Date : 2015. 05. 20~21 / Location : DDP(Dongdaemun Design Plaza)

Meet our speakers, who are active leaders in the T.I.M.E. (Technology, Information, Media, Entertainment) areas.

Eun-Mee Kim Eun-Mee Kim

Professor, Dept. of Communication, ITCT Studies, Seoul National University

After spending a couple of years working at a marketing research firm in Seoul after college, Kim Eun-mee soon realized an executive in a marketing firm is not her life goal. She turned her wheel and went on to Northwestern University in Evanston, a suburban town near the Windy City Chicago for PhD in Communication Studies. She thinks she was lucky enough to have met her advisor Dr. Wildman, who was an economist teaching on media industry-related issues. Under his guidance Kim was able to be exposed to a variety of areas, many times crossing the borders of academic disciplines, including communication, marketing, technology and management.

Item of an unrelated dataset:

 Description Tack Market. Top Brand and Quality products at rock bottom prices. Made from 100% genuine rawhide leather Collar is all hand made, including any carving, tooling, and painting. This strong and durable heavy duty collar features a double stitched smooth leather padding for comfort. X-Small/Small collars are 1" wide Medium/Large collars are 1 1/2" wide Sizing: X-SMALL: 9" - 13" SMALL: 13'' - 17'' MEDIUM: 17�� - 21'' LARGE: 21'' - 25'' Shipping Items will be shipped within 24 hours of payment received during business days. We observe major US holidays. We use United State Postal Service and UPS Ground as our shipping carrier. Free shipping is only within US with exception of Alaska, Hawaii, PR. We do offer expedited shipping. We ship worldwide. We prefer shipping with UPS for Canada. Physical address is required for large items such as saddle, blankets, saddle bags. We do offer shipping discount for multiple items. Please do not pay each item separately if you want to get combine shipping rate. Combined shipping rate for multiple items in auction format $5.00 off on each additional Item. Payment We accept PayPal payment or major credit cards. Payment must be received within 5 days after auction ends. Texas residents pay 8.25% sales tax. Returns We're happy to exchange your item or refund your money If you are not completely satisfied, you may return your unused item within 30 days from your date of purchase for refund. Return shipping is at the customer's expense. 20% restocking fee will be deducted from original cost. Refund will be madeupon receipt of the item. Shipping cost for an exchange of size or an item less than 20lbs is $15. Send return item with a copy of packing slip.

Back in Korea, she began to teach at Kookmin University and Yonsei University before taking a current position as a professor in Communication at Seoul National University.

She would characterize her life track so far as nomadic. She was too curious to dive deep into one area of study (which she oftentimes thinks of as her weak point), has moved from one university to another more than an average academician in Korea, and is currently in charge of running an interdisciplinary program in Information Science and Culture.

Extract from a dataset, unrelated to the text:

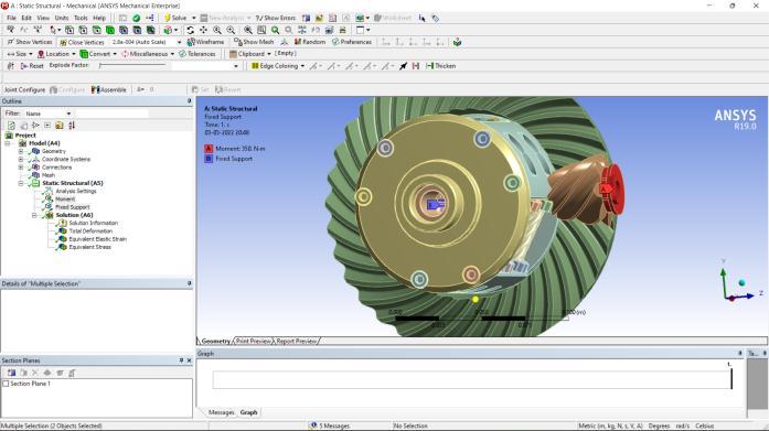 Figure2;contactregionandboundaryconditionsapplied forthesimulationof2stage4WDgearreductionsystem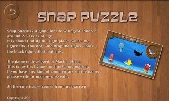 Snap puzzle is a game for the youngest children, around 2-5 years of age. It is about finding the right place, where the figure fits. You drag and drop the figure on top of the black figure that matches. The full version consists of a total of 13 tracks with 65 different figure. The game is developed by Martin Ulisse. This is my first game for the Android market. If you have any kind of commentary on the game, please write to martin@ulisse.dk.

She loves travelling, walking aimlessly around the city, reading books unrelated to her own study, and chatting with her colleagues, a lot of times from different disciplines. She has served as visiting scholars at London School of Economics and Fudan University. The experiences of living in London and Shanghai, for one year each, have become a great asset for her and broadened her horizons.

Her major research area has been social and cultural consequences of digital transformations. Within this umbrella area, she has recently concentrated on the topics of cultural consumption, cultural industries and adolescents’ digital media use and literacy. She has co-authored On Creativity and SNS Revolution: Myths and Practices.